Items listed in a dataset
============

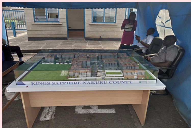
Kings Sapphire Ltd. showcase designs of their upcoming homes that are up for sale in Nakuru County to Agency's staff
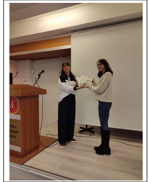
"Effective Communication and Body Language" Discussion
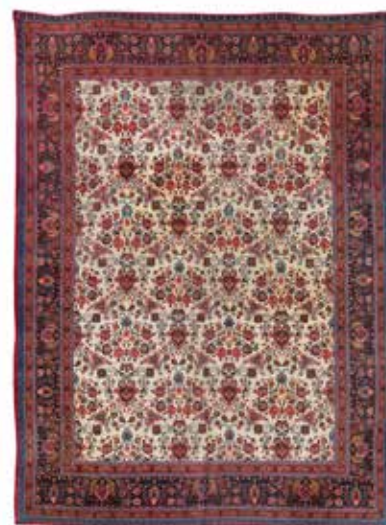
458 A BIRJAND CARPET

TP Central Persia, 320cm x 237cm £1,000 - 1,500 €1,200 - 1,700
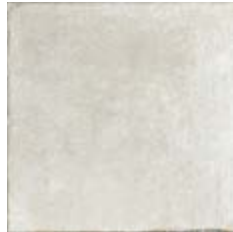
6" x 6" Barcelona Stone 66BARSTO
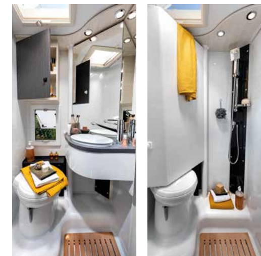
Bathroom with swivel partition
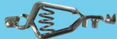
Analyzer Clip, Steel, 10 Amp
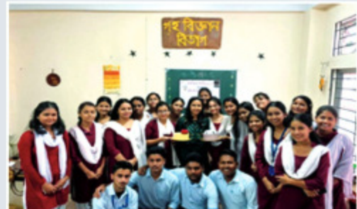
A workshop on "Bakery Products" was organized by Art & Craft Centre (Dept. of Community Science) in collaboration with the college's IQAC on 8 November 2023.
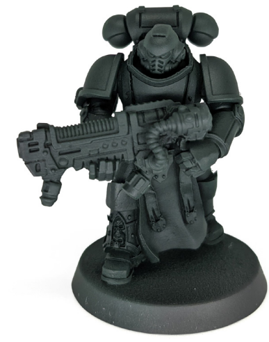
2 Apply Game Air Dark Green 72.728 all over the figure with the airbrush.
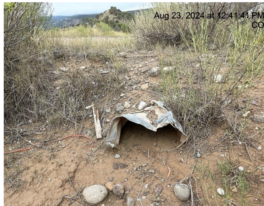
Photo # 6231 Culvert inlet shows some signs of damage & sediment buildup (on lease road near entrance to location)
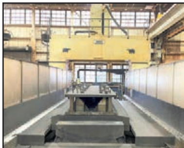
REKO MEDVE-8700WXR GANTRY TYPE VERTICAL BORING MILL

Friday, May 14 & Monday, May 17 By Appointment Only
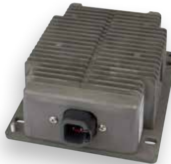
48Vdc/24Vdc Power Converter
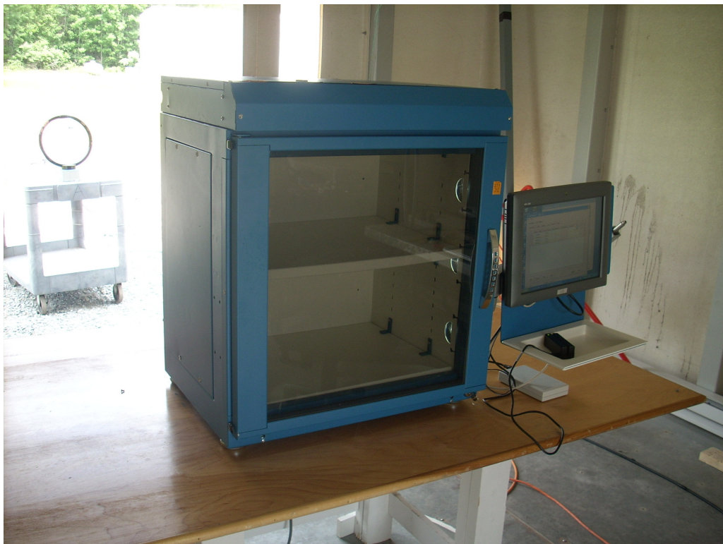
Fundamental Readings and Spurious Emissions 0.009 – 30MHz
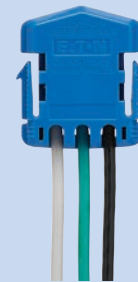
Wire relief slots: Easier to push into electrical box.
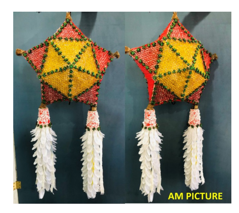
3rd Prize Bulacan Medical Society
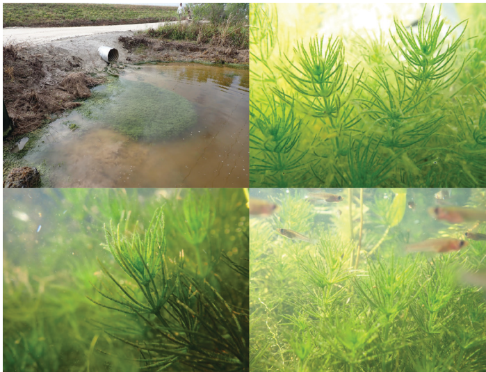
Figure 1. Images of Chara in the field, including large beds that create underwater habitats for aquatic life.

differentiated at the apex, nodes, and basal region. The basal region consists of colorless rhizoidal branches, which are used for attachment to muddy or silty substrates. The rhizoids of these algae do not uptake nutrients; rather, these algae translocate nutrients from the water column via cell-to-water interface (Perez et al. 2014).
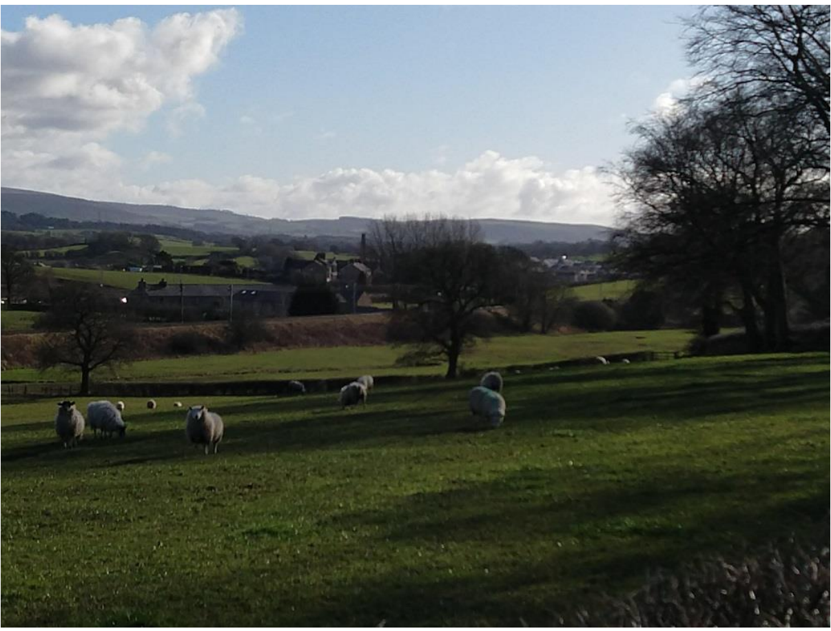
To be lost forever? [CLOUD]

the 6 April deadline. A planning inspector will be appointed to review the plan, and any objections will be aired at public hearings currently expected in the autumn of 2018.

============

Write out exactly the lines from the line holding "To be lost forever? [CLOUD]" through the last line of the data, and nothing besides those lines.

To be lost forever? [CLOUD]

the 6 April deadline. A planning inspector will be appointed to review the plan, and any objections will be aired at public hearings currently expected in the autumn of 2018.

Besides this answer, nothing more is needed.